Skip any pictures. Repeat the data exactly, from its first line through the line that holds "内置的 dotMemory 分析工具现已提供对冻结对象堆", both included.

Segment Start: DATASET EXTRACT

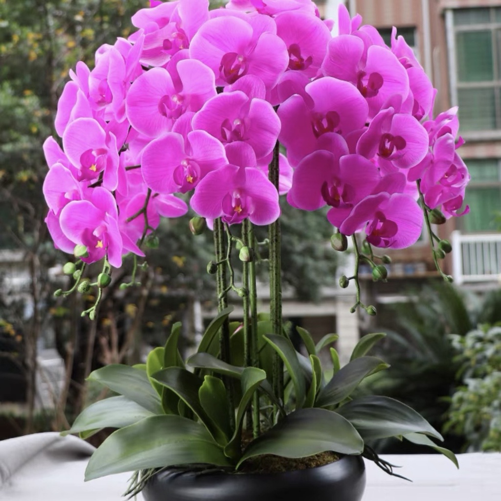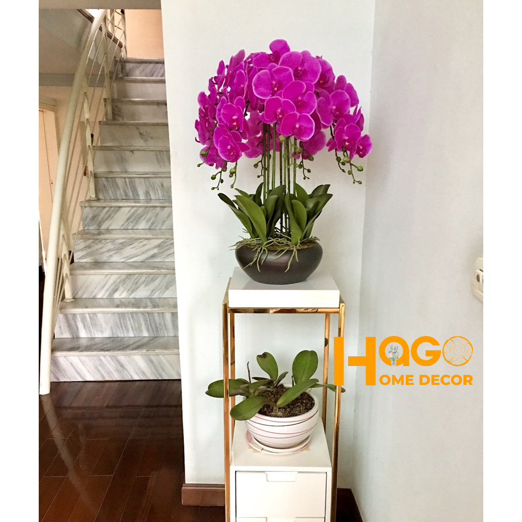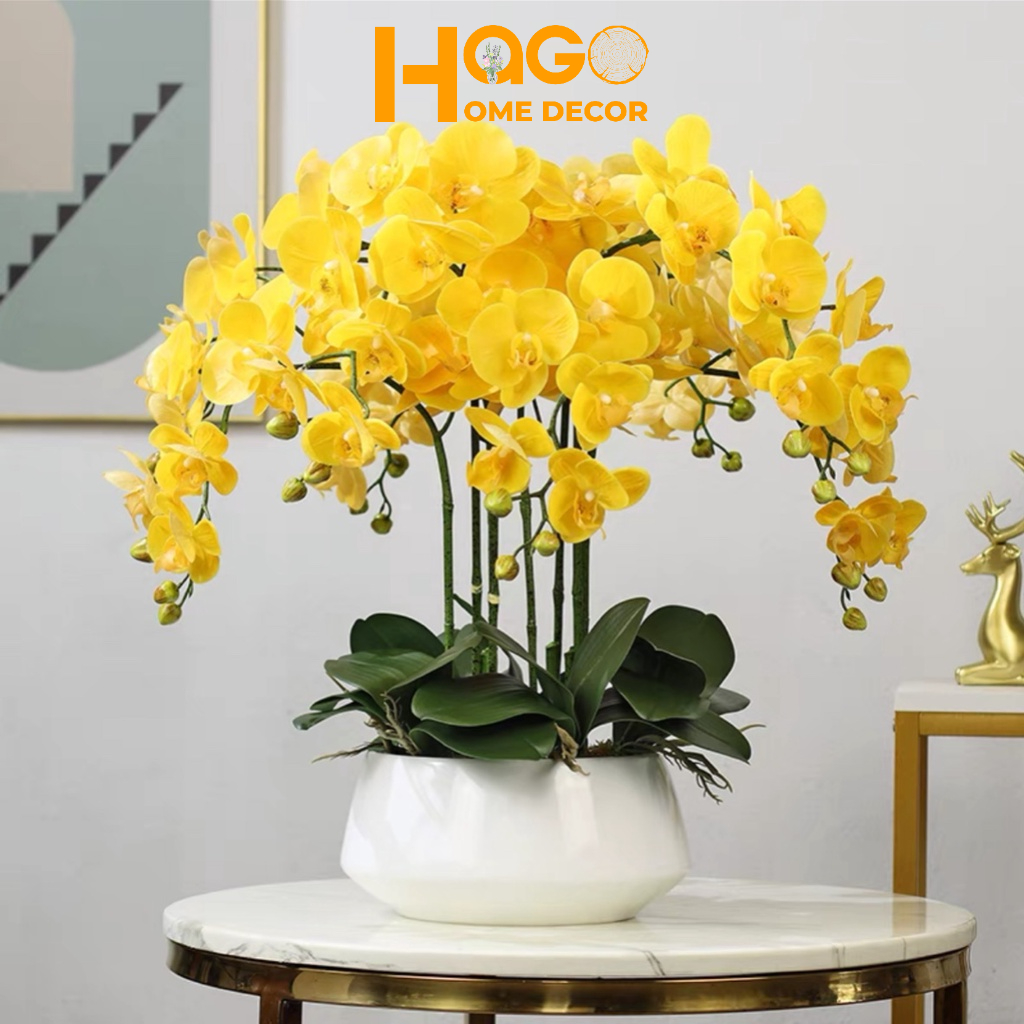 Chậu Lan Hồ Điệp Giả 5 đến 10 Nhánh Cắm Sẵn Cao 60cm Trang Trí Nhà Cửa,Công Ty, Nhà Hàng, Khách Sạn Sang Trọng
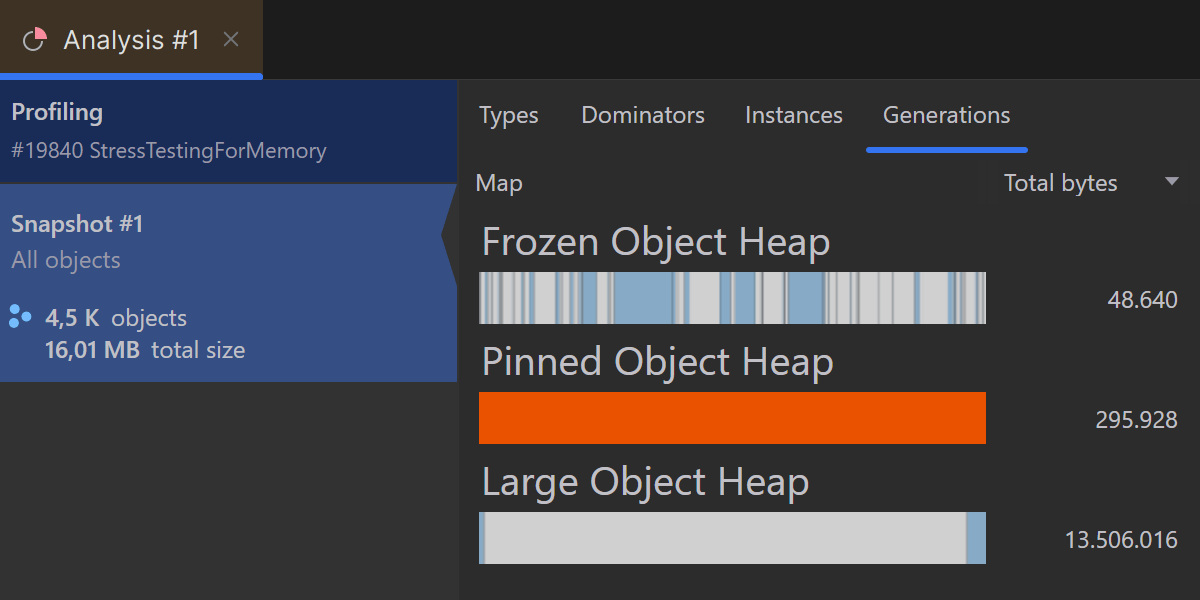 内置的 dotMemory 分析工具现已提供对冻结对象堆 (FOH) 的支持 – FOH 最初随 .NET 6 SDK 引入,作为垃圾回收性能改进的一部分。
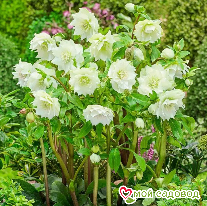 Это отличный выбор для тех, кто любит украшать свой сад популярными новинками. Сорт выведен сравнительно недавно. С тех пор он завоевал сердца многих цветоводов по всему миру. Купить недорого качественный посадочный материал можно в нашем интернет-магазине. Как выглядит растение? Цветки у морозника крупные, махровые, окрашенные в белый цвет. Лепестки остроконечные, с контрастным темно-бордовым узором. Тычинки кремовые. Стебли прочные и ровные. В высоту куст достигает 35 см. Цветение начинается в апреле и длится достаточно долго. Применение в ландшафтном дизайне Роскошные цветы и изящный вид многолетника незаменимы в создании садовых клумб, цветников и рабаток. Также сорт Дабл Эллен Уайт используют для оформления вазонов, дорожек и входной части дома. Растение отлично сочетается с другими «обитателями» участка. Советы по посадке и выращиванию Рассматриваемый сорт любит легкое затенение и почву с низким уровнем pH. Перед посадкой корни саженцев можно замочить в воде с добавлением стимулятора роста. Лунки выкапывают таких размеров, чтобы корневищу не было тесно. На дне делают дренаж из крупнозернистого песка. Процедура посадки стандартная. Уход включает своевременный полив, борьбу с сорняками и внесение подкормок. Положительные качества морозника Дабл Эллен Уайт К неоспоримым достоинствам сорта относятся: доступная цена; хорошая приживаемость; нетребовательность к уходу; высокая сопротивляемость болезням и вредителям; универсальность в применении. Если вы ищете возможность недорого купить саженцы морозника, интернет-магазин «Мой Садовод» — ваш идеальный вариант. Здесь вы найдете массу редких сортов по привлекательным ценам. Мы предлагаем удобную онлайн-покупку с доставкой до вашего дома.
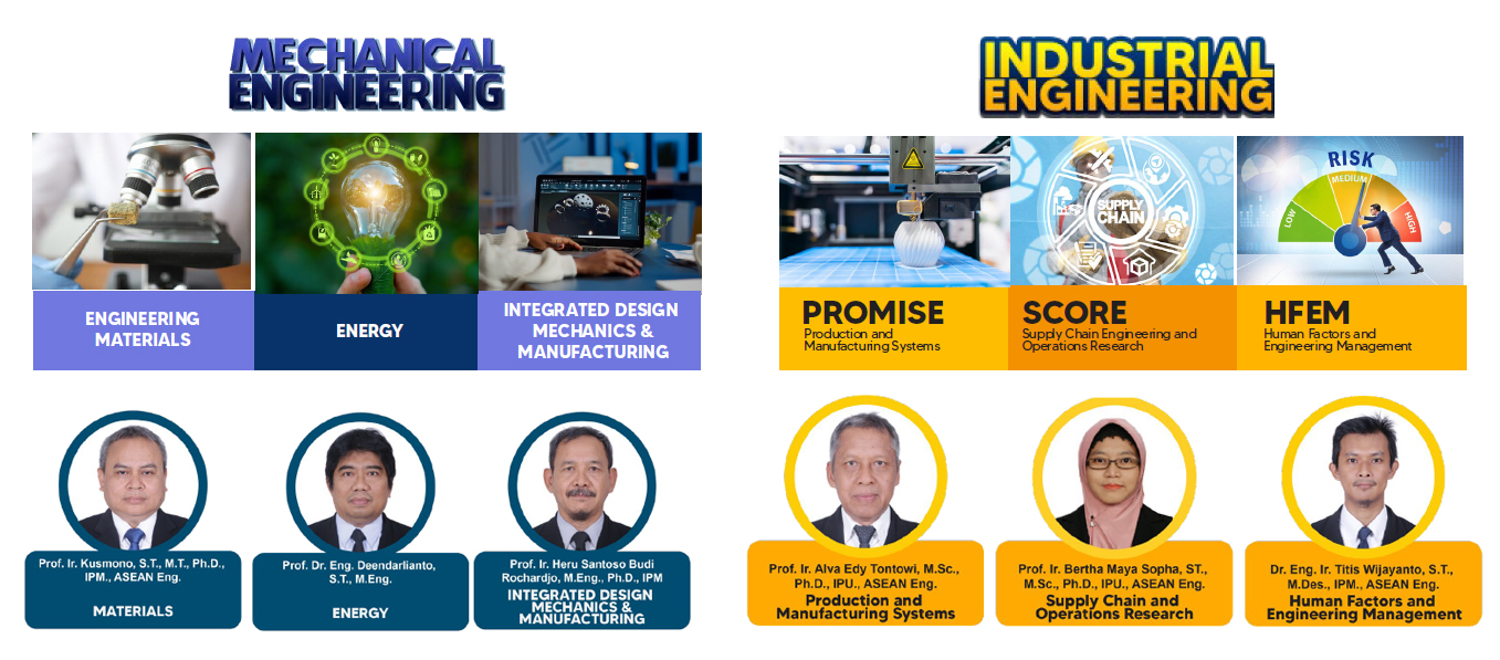 Kelompok Bidang Keahlian (KBK) Departemen Teknik Mesin dan Industri (DTMI) melakukan koordinasi serta melaksanakan kegiatan pengembangan dan penerapan ilmu pada Program Studi Teknik Mesin dan Teknik Industri. KBK ini menaungi beragam minat serta keahlian dosen, selain itu KBK mengelompokkan dosen-dosen dengan minat sejenis sehingga dapat mengembangkan ilmu pengetahuan dan teknologi secara optimal. Fungsi utama KBK mengatur regulasi pengajaran, penelitian, dan pengabdian kepada masyarakat secara berkelompok sesuai bidang keahlian. DTMI baik itu Teknik Mesin maupun Teknik Industri memiliki tiga KBK utama sebagai berikut:

Segment End: DATASET EXTRACT

== EXERCISE OUTPUT ==
 Chậu Lan Hồ Điệp Giả 5 đến 10 Nhánh Cắm Sẵn Cao 60cm Trang Trí Nhà Cửa,Công Ty, Nhà Hàng, Khách Sạn Sang Trọng
 内置的 dotMemory 分析工具现已提供对冻结对象堆 (FOH) 的支持 – FOH 最初随 .NET 6 SDK 引入,作为垃圾回收性能改进的一部分。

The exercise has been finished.